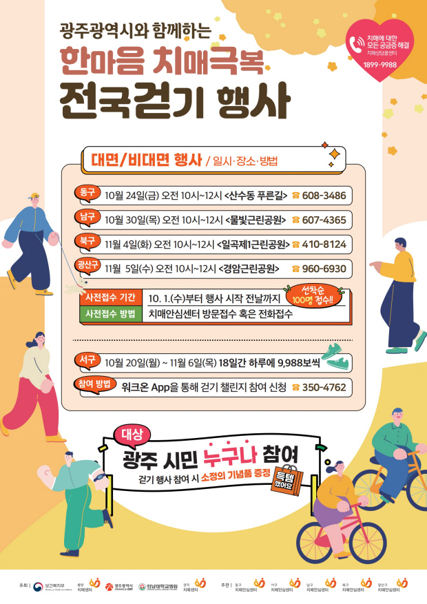 23일 광주시에 따르면 치매 인식 개선과 예방 실천 확산을 위해 24일부터 11월 5일까지 자치구별 ‘2025 한마음 치매극복 걷기행사’가 열린다.
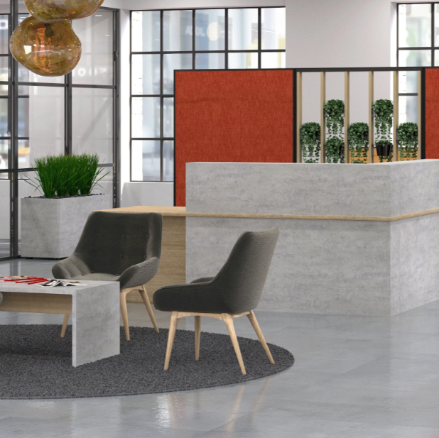 This Block Reception Counter has been constructed with sturdy materials and finished in a durable melamine. Available in Classic Oak and Elemental Concrete, the counter also includes an extended section on the side to provide wheelchair access.
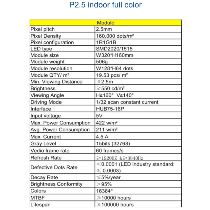 1. Pixel Pitch:P2.5mm

» WORK ORDER
Write out only the lines from the line containing "This Block Reception" through the end of the material above, both end lines included. Pictures are not written out.

» SOLUTION FOR THIS TASK
 This Block Reception Counter has been constructed with sturdy materials and finished in a durable melamine. Available in Classic Oak and Elemental Concrete, the counter also includes an extended section on the side to provide wheelchair access.
 1. Pixel Pitch:P2.5mm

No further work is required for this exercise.